William G. Nelson, MD, PhD Photo by Joe Rubino

ONE-STOP SHOPPING HAS ENTERED the world of cancer therapy as newly diagnosed cancer patients take advantage of multispecialty clinics and multidisciplinary treatment plans. Now, new technologies known as theranostics are poised to take the one-stop paradigm to a higher level by combining and coordinating diagnostic imaging and cancer treatment into an integrated assault on specific targets on cancer cells.

The word theranostics is derived from the Greek words therapeuein (to cure or treat medically) and gnosis (knowledge). The basic idea is that an imaging agent can be paired with a treatment so that not only can the location and extent of a cancer be ascertained, but the presence or absence of a treatment target can also be determined. In this way, the potential benefits and side effects of targeted therapies can be anticipated for individuals with certain types of cancer.

The first theranostic approach to cancer came in the 1940s with the use of radioactive iodine for finding and treating thyroid cancer. Normal and cancerous thyroid cells take up iodine in different amounts using a specialized protein on the cell surface called the sodium/iodide symporter (NIS).
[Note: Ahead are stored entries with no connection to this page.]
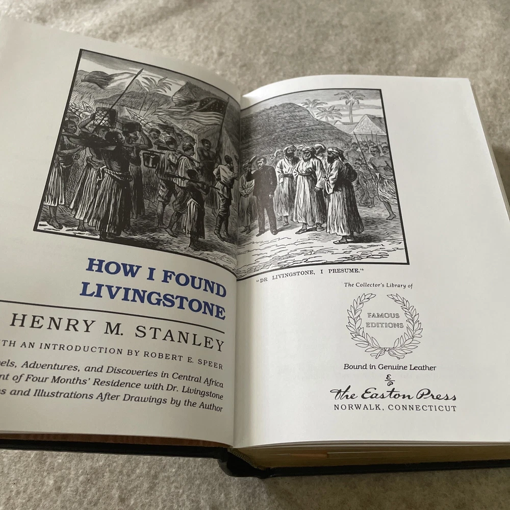 Easton Press Famous Editions How I Found Livingstone by Henry Morton Stanley There are no book plates in the book. It comes with the Famous Edition editor's notes. This book is in near mint condition with no wear. I removed it from its shrink wrap the day I listed it. The shrink wrap was dirty but the book is almost perfect. The gold on the covers shows very light wear. The end pages show no fading. The gilt on the edge of the pages is in perfect condition. Please see photos. We try to describe as accurately as possible so you will be satisfied with your purchase. We have more books from this set on eBay and we would be happy to combine on shipping to save you money. All books are sent with insurance via USPS Media Mail.
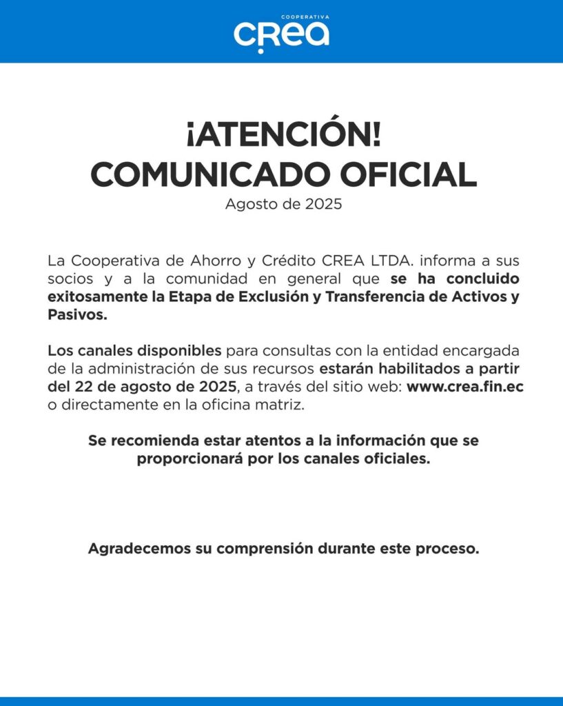 Este jueves 21 de agosto, se dio a conocer que en un proceso conjunto entre la Superintendencia de Economía Popular y Solidaria, se inició el proceso para que las cuentas de ahorro de CREA sean absorbidas por otras cooperativas.
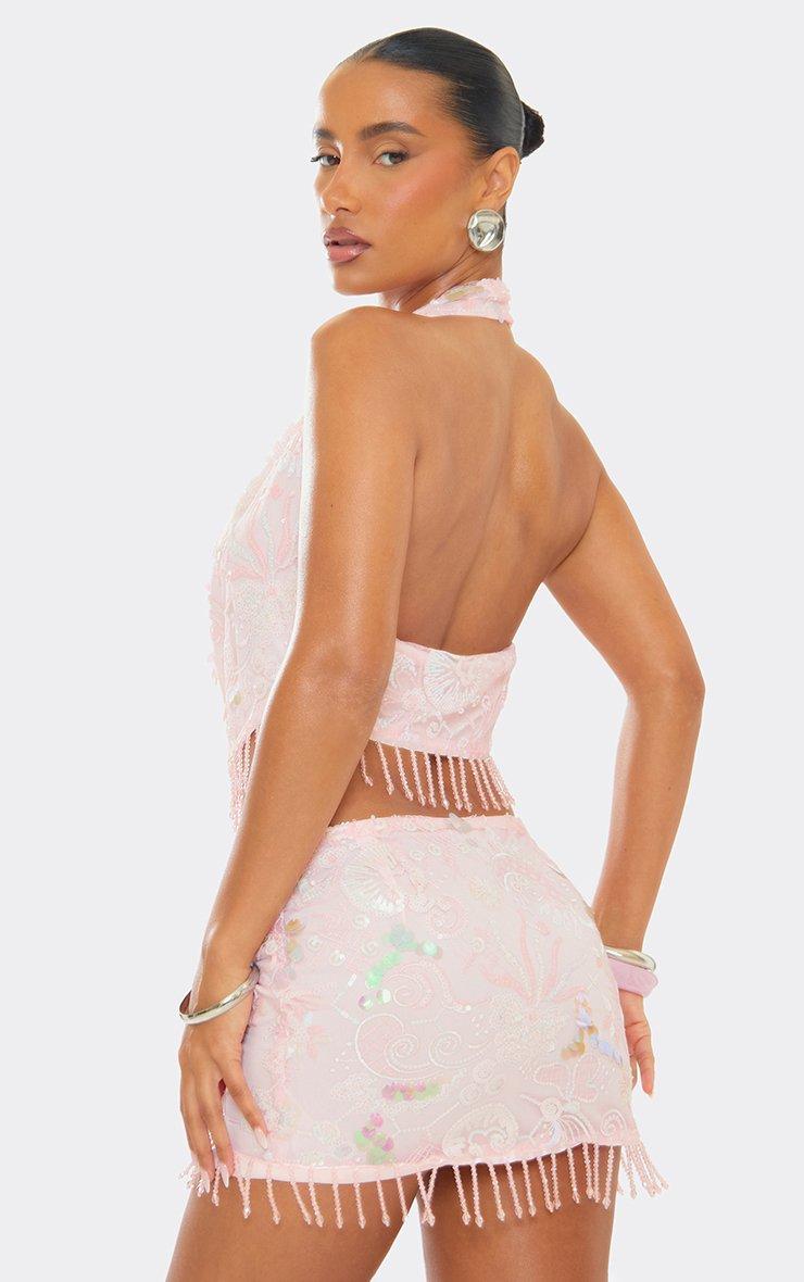 Cowl Neck Bead Tassel Trim Detail Top In Pink Sequin
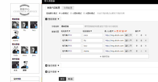 在图中我们看到可以设置名字与旺旺的链接,还可以上传客服头像图片,但需要注意大小。
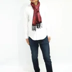 シルク100%の品の良い光沢感と美しいドレープが相まって、フォーマルな場面やパーティーシーンで大活躍します。シャツやブラウス、ドレスやスーツ、ジャケットなどのトップスと相性が抜群で、一巻きでいつものファッションを格上げできます。
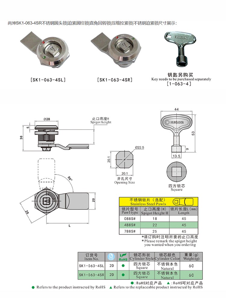 尚坤SK1-063-4SR不锈钢圆头锁迫紧圆柱锁直角回转锁不锈钢迫紧锁压缩拉紧锁

All but one of the 37 known isotopes of the element iodine undergo radioactive decay, with many emitting subatomic particles that can be detected for imaging or used to damage and kill thyroid cancer cells.

One radioactive iodine isotope, 131I, can be used both for scanning and treatment. For imaging, a small quantity of 131I is administered orally or intravenously to reveal whether a suspicious nodule in the thyroid takes up iodine and whether thyroid cancer has progressed to an advanced state or metastasized to distant sites. If the thyroid cancer “lights up” on the scan, a much larger dose of 131I can be given later to destroy the cancer cells. Normal thyroid cells also light up, indicating that 131I treatment damages the thyroid gland. For this reason, people treated for thyroid cancer must take a thyroid hormone supplement after iodine treatment for the rest of their lives.

The Oct. 31, 1949, issue of Life magazine featured the remarkable story of Bernard Brunstein, the first adult to be cured of thyroid cancer by radioiodine. Today, paired imaging of iodine uptake and radioactive iodine treatment for thyroid cancer remain mainstays of treatment, but theranostic pairs are also part of standard practice for imaging and treating prostate cancer, certain neuroendocrine tumors, neuroblastoma and non-Hodgkin lymphoma. Most often, theranostic pairs use different radioisotopes for imaging and treatment, unlike for thyroid cancer. With the explosion in the discovery and development of antibodies against a variety of cancers, theranostic pairs of antibodies carrying imaging radioisotopes and therapeutic radioisotopes or cytotoxic drugs are being explored as precision cancer medicine strategies.

Future theranostics may encompass even more features, exploiting the targeting properties of antibodies and other small molecules for simultaneous delivery of imaging agents for scanning, fluorescent dyes to assess whether cancer has been fully removed at surgery, cytotoxic radiation or drugs, genes for gene therapy, or nanoparticles containing various payloads. If the next generation of theranostics can detect, diagnose and treat cancer all at once with great precision and fewer side effects or complications, one-stop shopping will truly have come to cancer therapy.

William G. Nelson, MD, PhD, is the director of the Johns Hopkins Kimmel Cancer Center in Baltimore.